Ágnes Vathy-Fogarassy, PhD; Tibor Dulai, PhD
Prerequirements:
-
Topics covered:
Students will learn about the following topics, including their individual training plans and interests:
T1. Local searches, trajectory-based algorithms, and population-based algorithms:
- the aims, operations, and characteristics of various search methods
- local search methods
- characteristics of trajectory-based algorithms (e.g. tabu search, simulated annealing)
- population-based algorithms (e.g. PSO, ant colony optimization, evolutionary algorithms)

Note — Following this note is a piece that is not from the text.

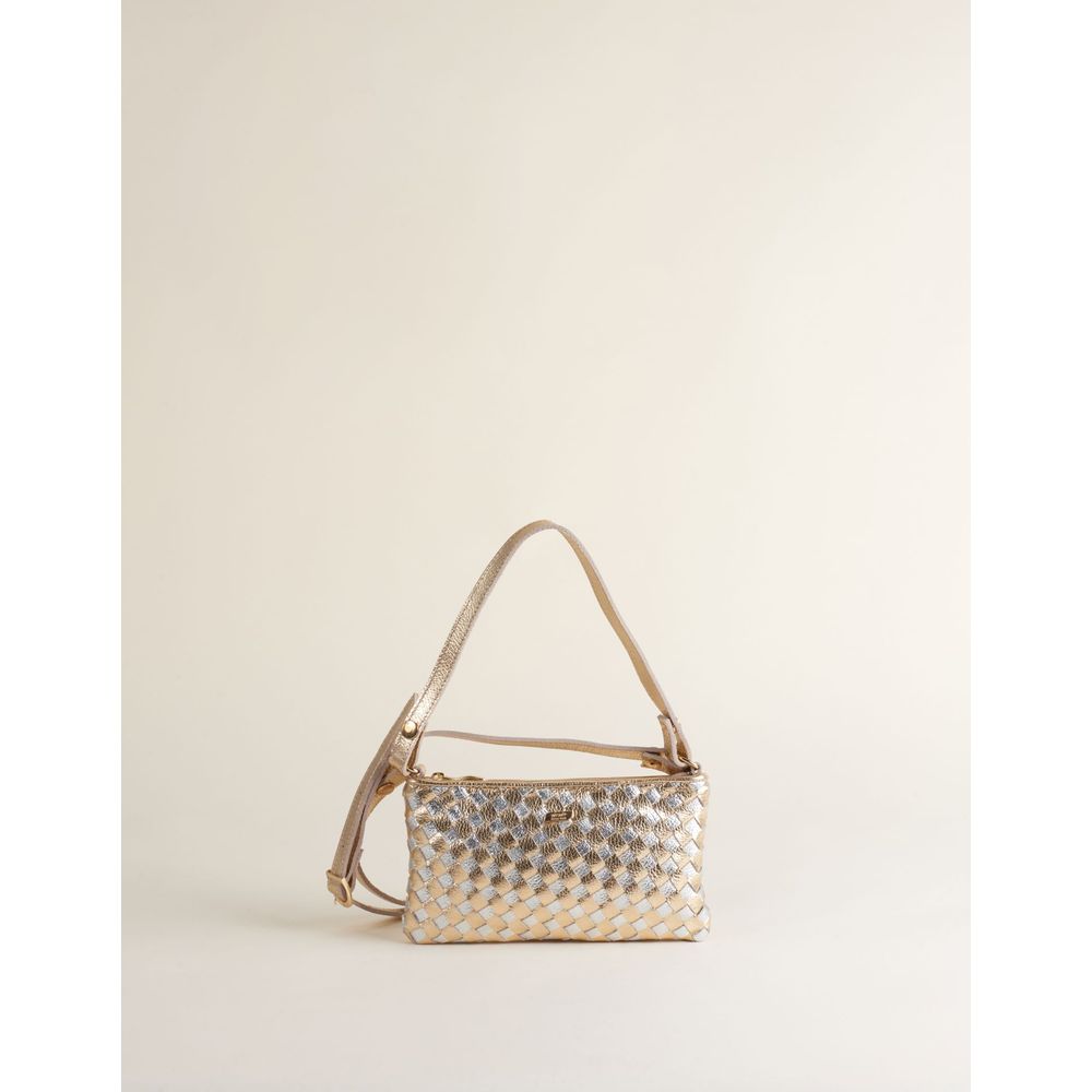 Bolsa Pequena Couro Trançado Metalizado - Ouro Light - U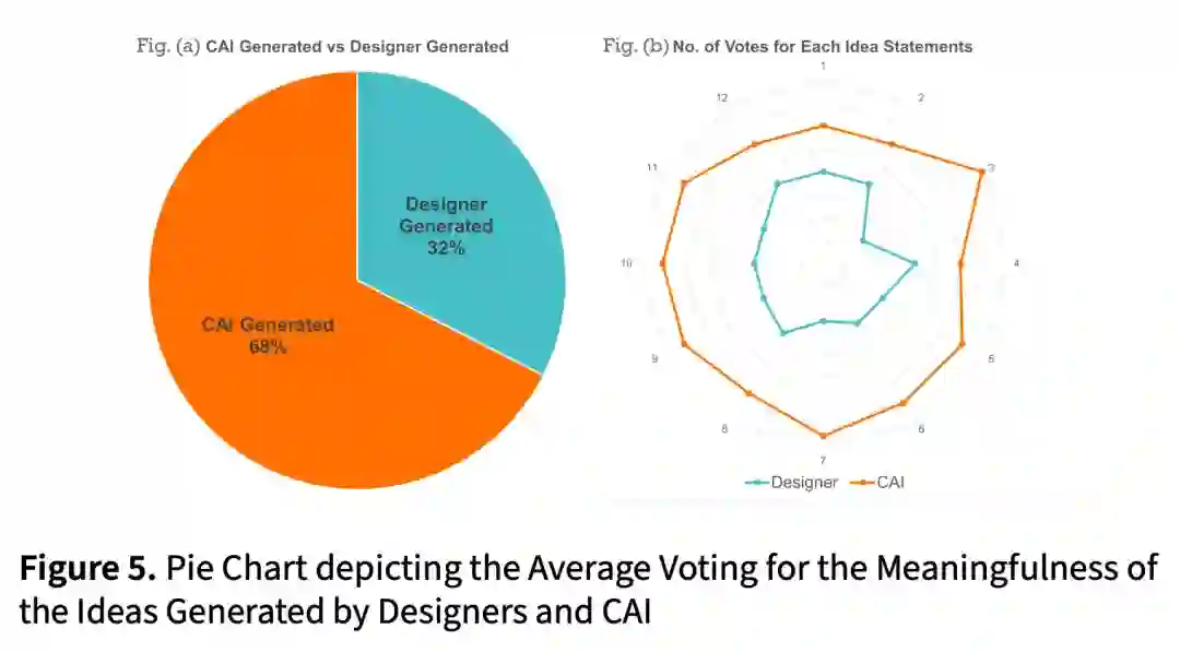 从图 5(a)中可以看出,68% 的专家认为 GPT 产生的想法更有意义。此外,图 5 (b) 显示,GPT 生成的语句的得票率始终高于设计者生成的想法。

T2. Improving the efficiency of genetic algorithms:
- solutions and reasons for applying advanced representations, genetic operators, and strategies (such as crossover, mutation, and selection methods)

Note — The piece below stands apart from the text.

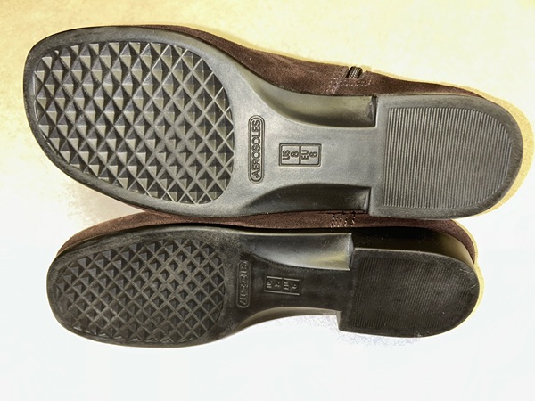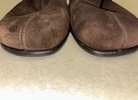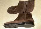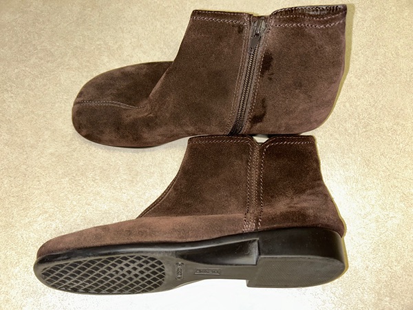 These are low heeled, thin soled ankle booties in overall good condition from smoke free home in women’s size 8M. Model is duble trouble, made with leather on the upper portion. Stock photo shows same pair in blue because I could not find this pair in the chocolate brown color I have for sale.

- adaptive genetic algorithms: adaptive parameter and operator selection
- self-adaptive GA
- hybrid GA: how and when to integrate GA with other metaheuristics or heuristics
T3. Multi-objective and Constraint Handling GA:
- the concept of Pareto front
- Pareto dominance, fitness assignment methods: e.g. NSGA-II, SPEA2
- constraint handling with GA: penalty-based approaches, repair mechanisms
- handling complex and conflicting objectives
Literature:
1. David E. Goldberg: Genetic Algorithms in Search, Optimization, and Machine Learning, Addison-Wesley Professional, 1989.
2. K. Deb, A. Pratap, S. Agarwal, T. Meyarivan: A Fast Elitist Non-Dominated Sorting Genetic Algorithm for Multi-Objective Optimization: NSGA-II., IEEE Transactions on Evolutionary Computation, 6(2), pp. 182-197., 2002.